Eliciting health state utilities from the general public for severe chronic pain.

机构信息

Department of Pain and Anaesthesia, The James Cook University Hospital, Middlesbrough, UK.

出版信息

Eur J Health Econ. 2010 Jun;11(3):323-30. doi: 10.1007/s10198-009-0178-x. Epub 2009 Aug 13.

DOI:10.1007/s10198-009-0178-x
PMID:19680700
Abstract

OBJECTIVE

There is an absence of data on public preferences for health states (HSs) associated with severe chronic pain.
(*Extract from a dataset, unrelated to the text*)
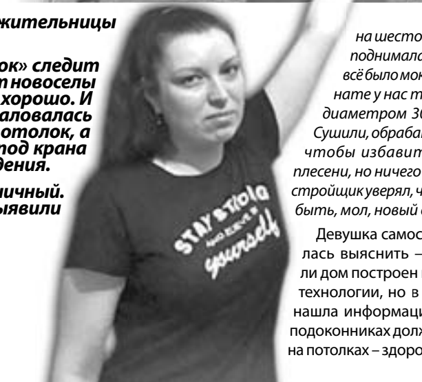
Плесень не щадит ничего...

– Видимо, во время стройки рядом с окнами проводили какие-то работы, и сейчас они усыпаны черными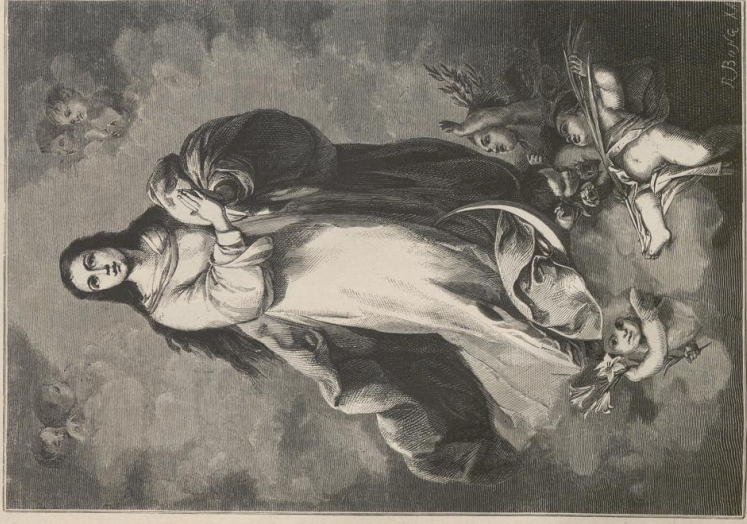
4. Conception. Von Murillo. Museo del Prado zu Madrid.

The aim of this study was to develop accurate HS descriptions for severe chronic pain requiring intrathecal (IT) therapy and to derive utility weights that describe the health-related quality of life (HRQL) impact of chronic pain associated with malignant (MP) and non-malignant (NMP) aetiologies.
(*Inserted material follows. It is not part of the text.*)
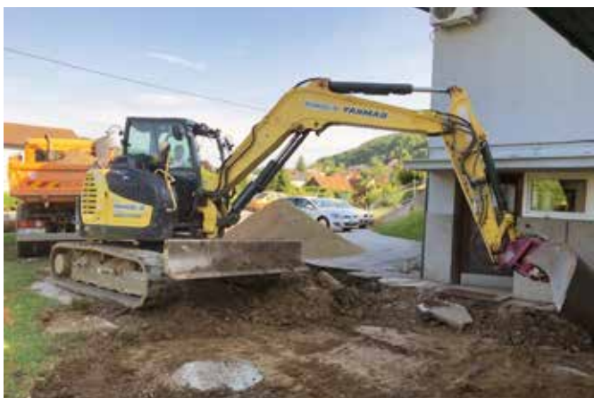
Ureditev parkirišča pri Zdravstveni postaji Grad

RESEARCH DESIGN AND METHOD

Eight visual analogue scale pain index (VAS-PI) HSs were defined using ranges 0-40, 41-60, 61-80 and 81-100 applied to both MP and NMP. Additionally, eight HSs representing common adverse events associated with IT therapy were identified. The content and description of the HSs were ascertained by interviews with five United Kingdom clinical experts. In total, 16 HSs were compiled. These HS descriptions and HS questionnaires were administered to 102 members of the public, utilising a time trade off (TTO) approach to estimate utilities for the HSs.

RESULTS

Participants generally were well matched to the general public in England and Wales, with some differences in mean age, race and education. A substantial decline in utility was observed with more severe VAS-PI values. The mean TTO utility values also decreased from mild pain to severe pain. Participants were able to differentiate between the side effects.

CONCLUSION

The study shows a clear decrement in utility moving from different severity levels of severe chronic pain.

摘要

目的

目前缺乏有关严重慢性疼痛相关健康状态(HSs)的公众偏好数据。本研究旨在为需要鞘内(IT)治疗的严重慢性疼痛开发准确的 HS 描述,并得出描述与恶性(MP)和非恶性(NMP)病因相关慢性疼痛相关的健康相关生活质量(HRQL)影响的效用权重。

研究设计和方法

使用适用于 MP 和 NMP 的 0-40、41-60、61-80 和 81-100 范围,定义了 8 个视觉模拟量表疼痛指数(VAS-PI)HS。此外,确定了 8 个代表与 IT 治疗相关的常见不良反应的 HS。通过对 5 位英国临床专家的访谈,确定了 HS 的内容和描述。总共编制了 16 个 HS。这些 HS 描述和 HS 问卷被提交给了 102 名公众成员,使用时间权衡(TTO)方法来估计 HS 的效用。

结果

参与者在年龄、种族和教育程度方面与英格兰和威尔士的一般公众基本匹配,但存在一些差异。随着 VAS-PI 值的增加,效用明显下降。TTO 效用的平均值也从轻度疼痛下降到严重疼痛。参与者能够区分副作用。

结论

该研究表明,从不同严重程度的严重慢性疼痛向更严重程度的疼痛转变,效用明显下降。